DATA EXTRACT ▸
--- START ---
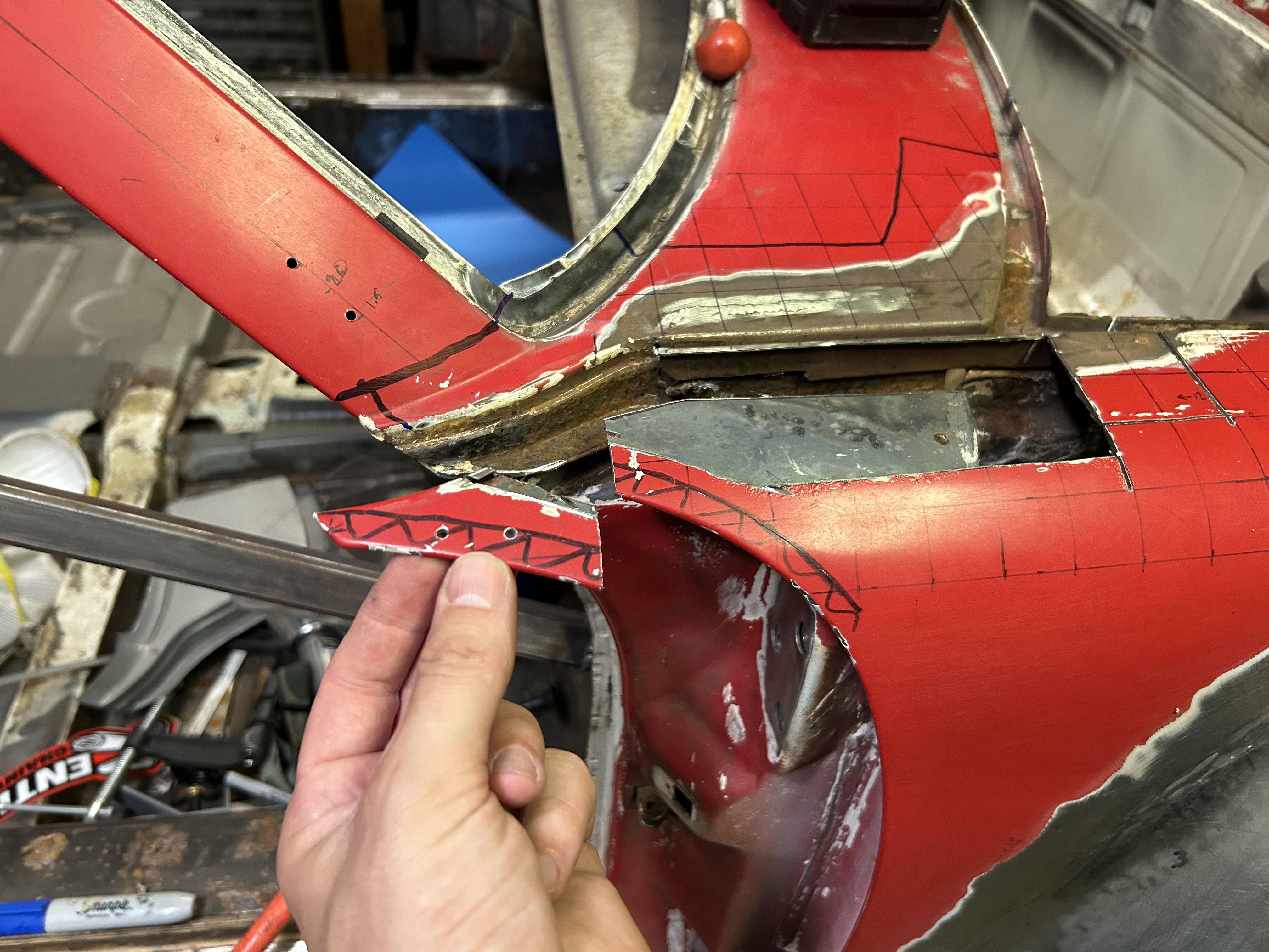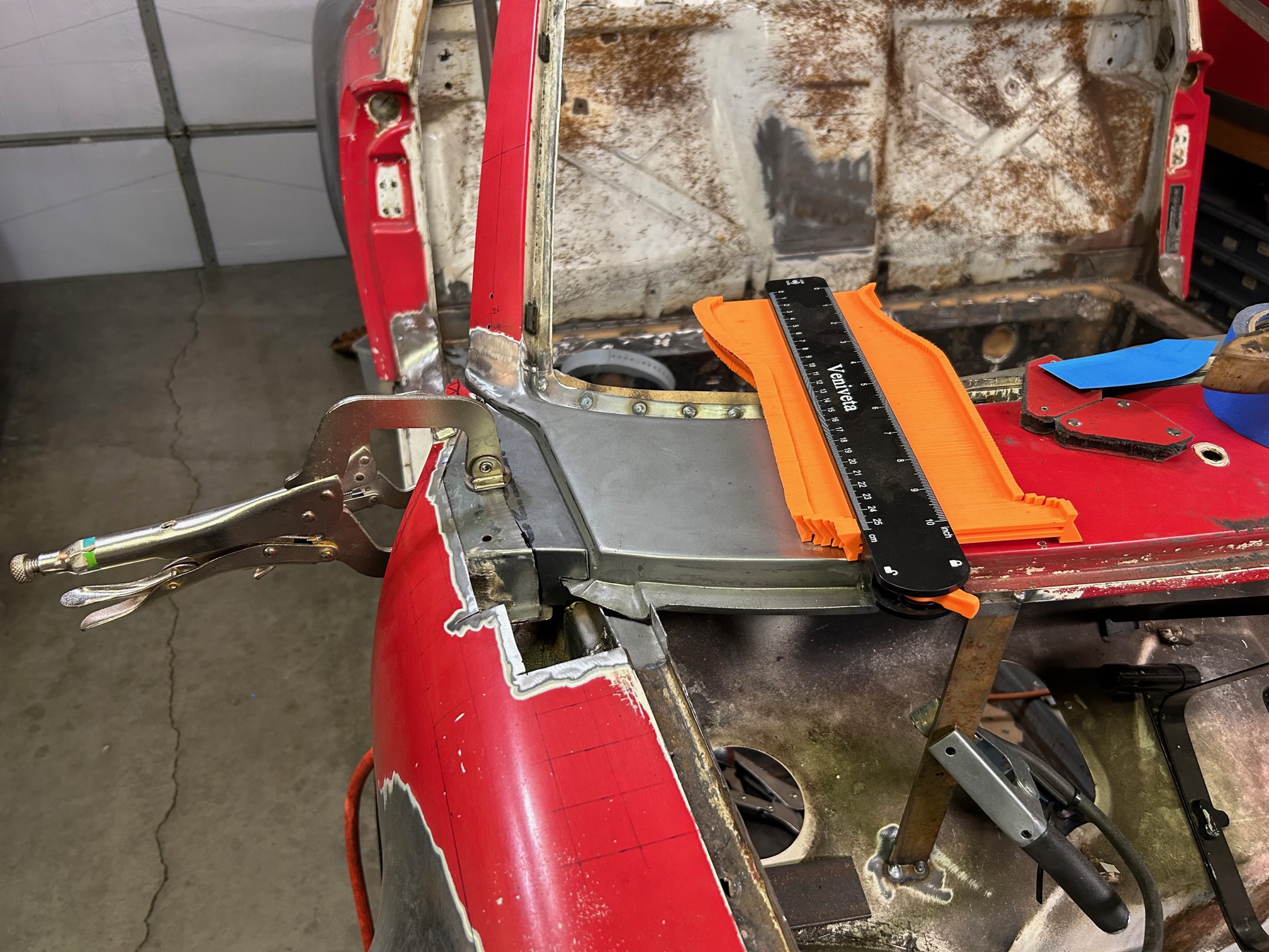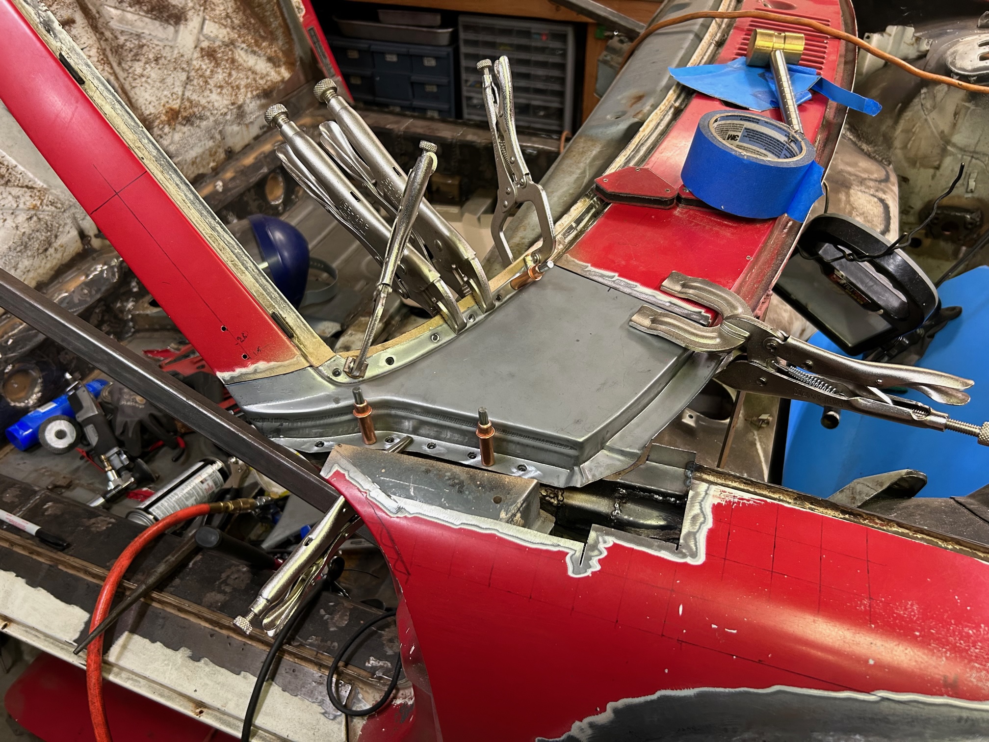 Thanks for sharing that. Yeah I'm going to do my best to re-use the outer "folded" piece original to the car. The inner radius issue I'll have to cross that bridge when I get to it. Hopefully I can massage the AA piece enough to tighten up that radius. Some hammering will be in my future. I used cleko's to "save the spot" where the corner piece goes to hopefully preserve the door gap. |
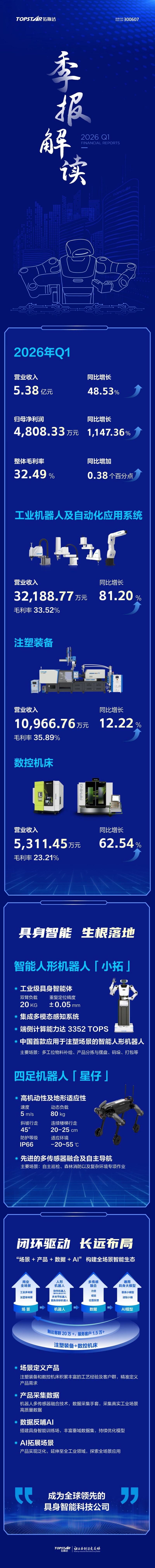 拓斯达Q1净利同比增逾11倍 毛利率超去年水平
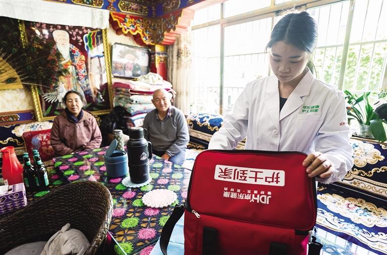 在拉薩一小區(qū),護士戴柳柳正為白瑪曲珍老人測量血壓。這位曾就職于三甲醫(yī)院4年的護士坦言:“一對一上門為老人服務,我能根據(jù)他們的用藥記錄、日常飲食及血壓波動記錄,更好地制定護理方案?!?/p>
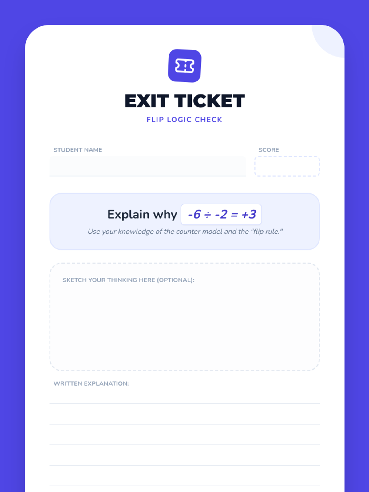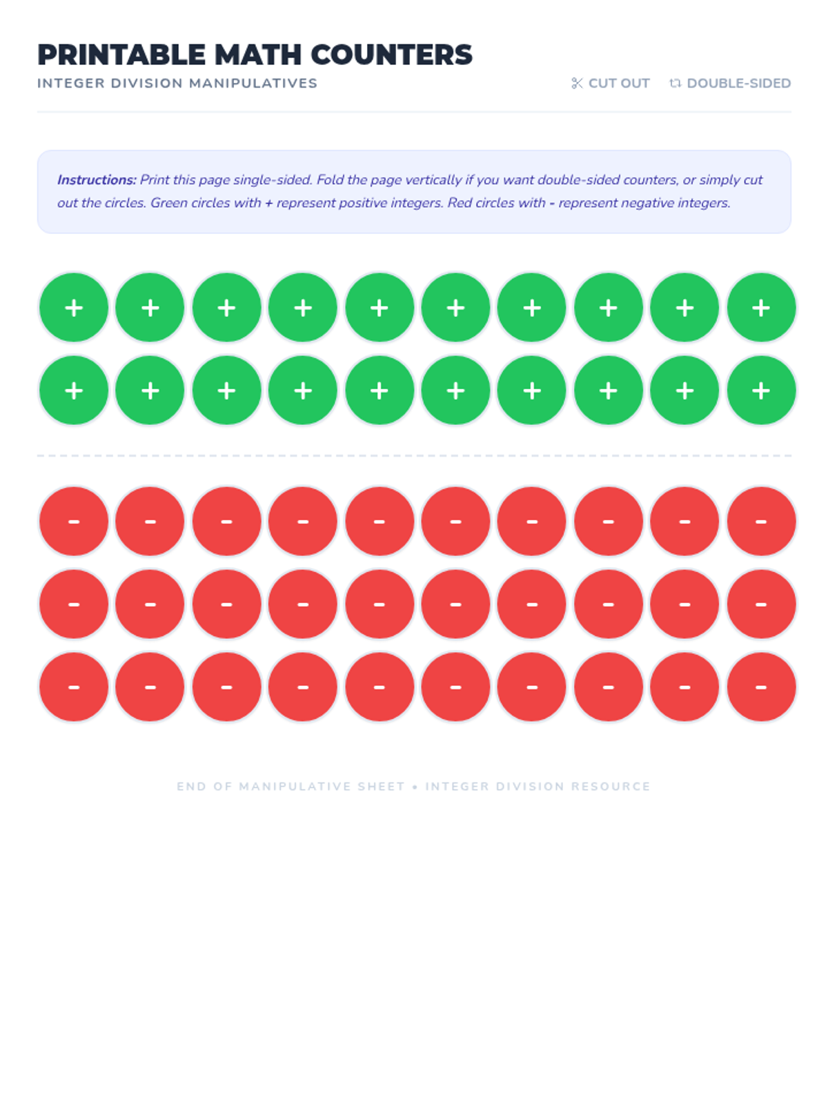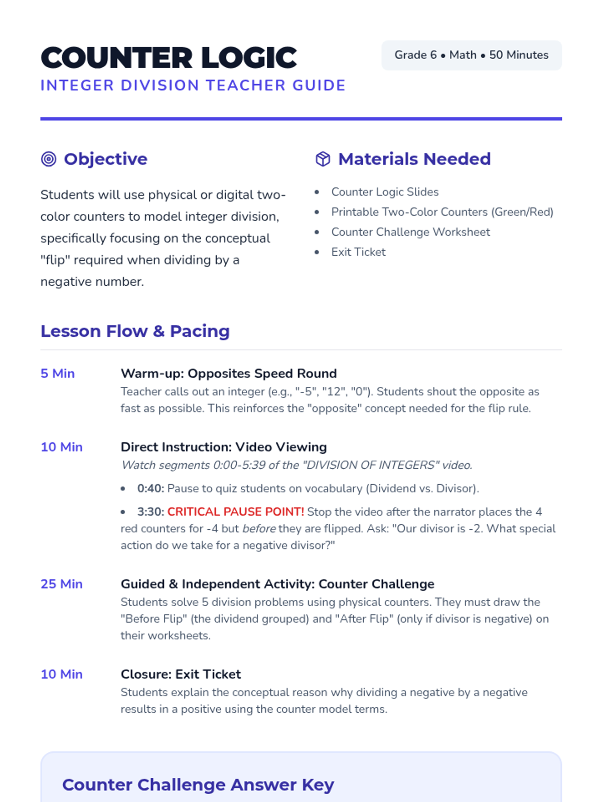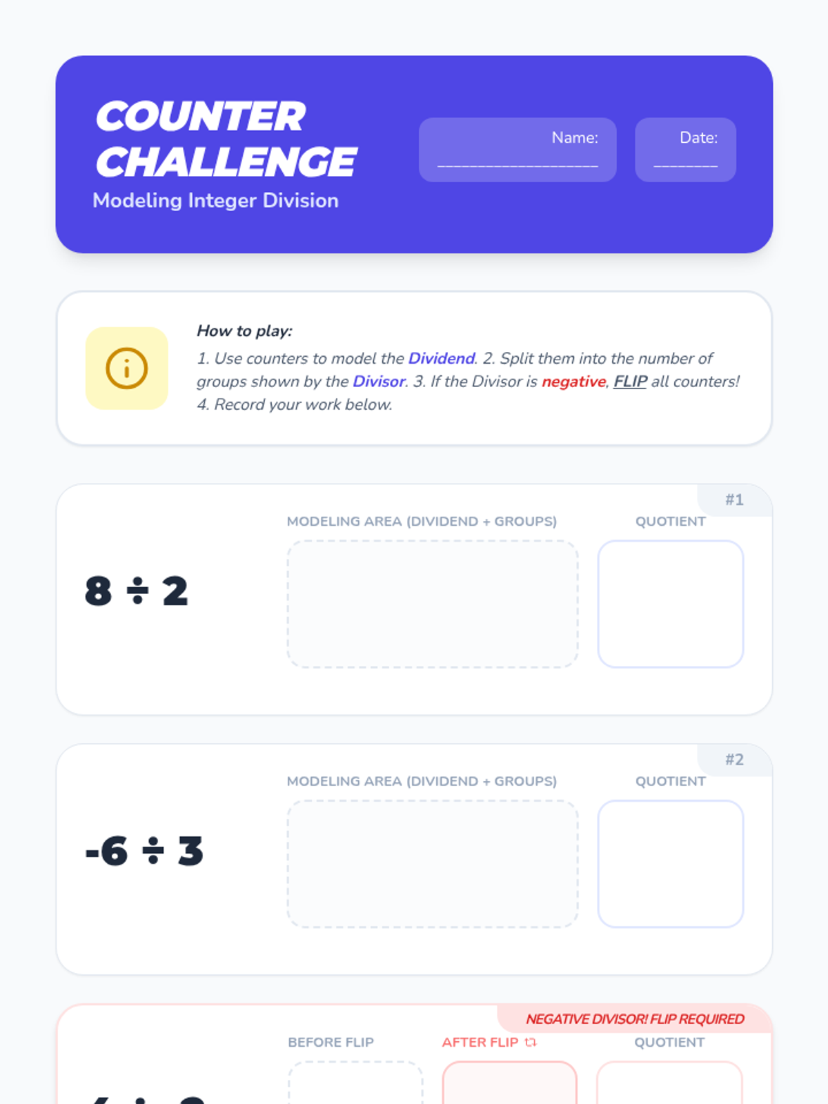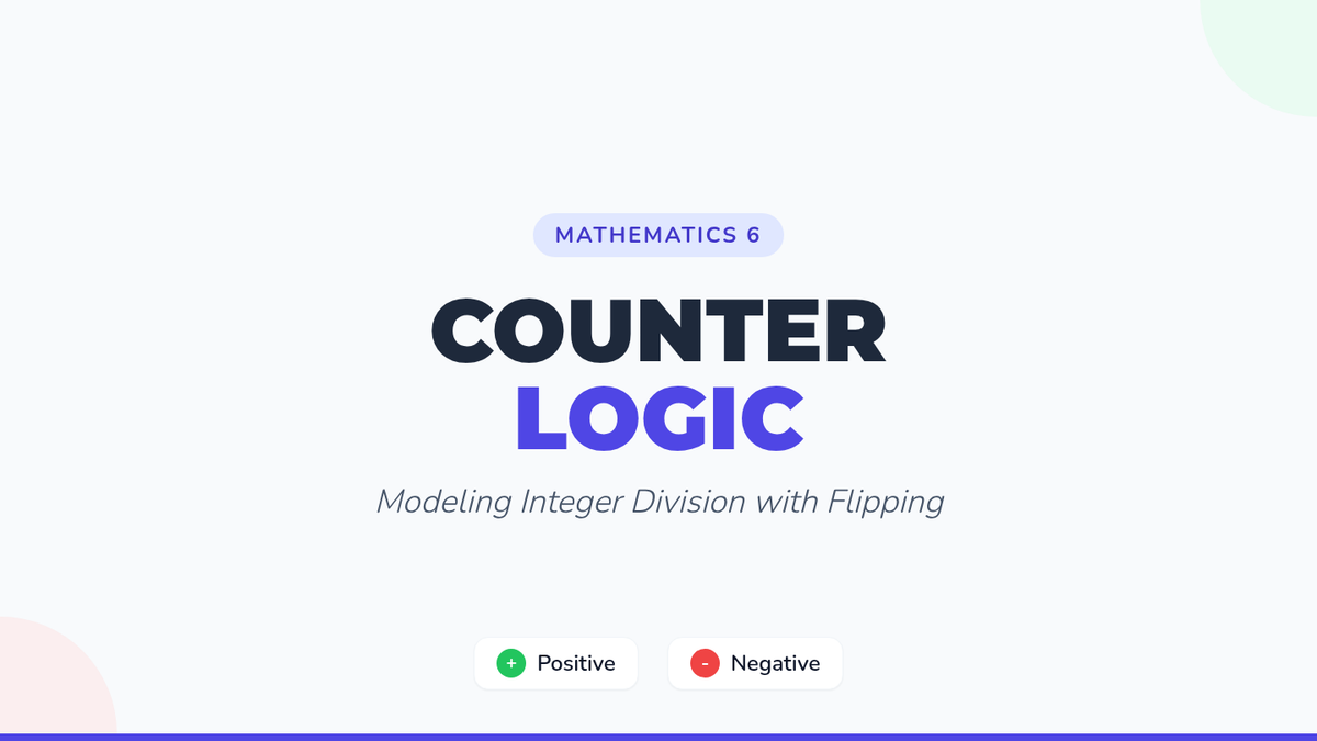 A hands-on introduction to dividing integers using two-color counters. Students explore the concept of 'flipping' counters when dividing by a negative number to understand why sign rules work.
--- END ---
ASSIGNED TASK ▸
Return the full listing exactly as written, without any of its images.

RESPONSE BELOW ▸
 Thanks for sharing that. Yeah I'm going to do my best to re-use the outer "folded" piece original to the car. The inner radius issue I'll have to cross that bridge when I get to it. Hopefully I can massage the AA piece enough to tighten up that radius. Some hammering will be in my future. I used cleko's to "save the spot" where the corner piece goes to hopefully preserve the door gap. |
 拓斯达Q1净利同比增逾11倍 毛利率超去年水平
 在拉薩一小區(qū),護士戴柳柳正為白瑪曲珍老人測量血壓。這位曾就職于三甲醫(yī)院4年的護士坦言:“一對一上門為老人服務,我能根據(jù)他們的用藥記錄、日常飲食及血壓波動記錄,更好地制定護理方案?!?/p>
 A hands-on introduction to dividing integers using two-color counters. Students explore the concept of 'flipping' counters when dividing by a negative number to understand why sign rules work.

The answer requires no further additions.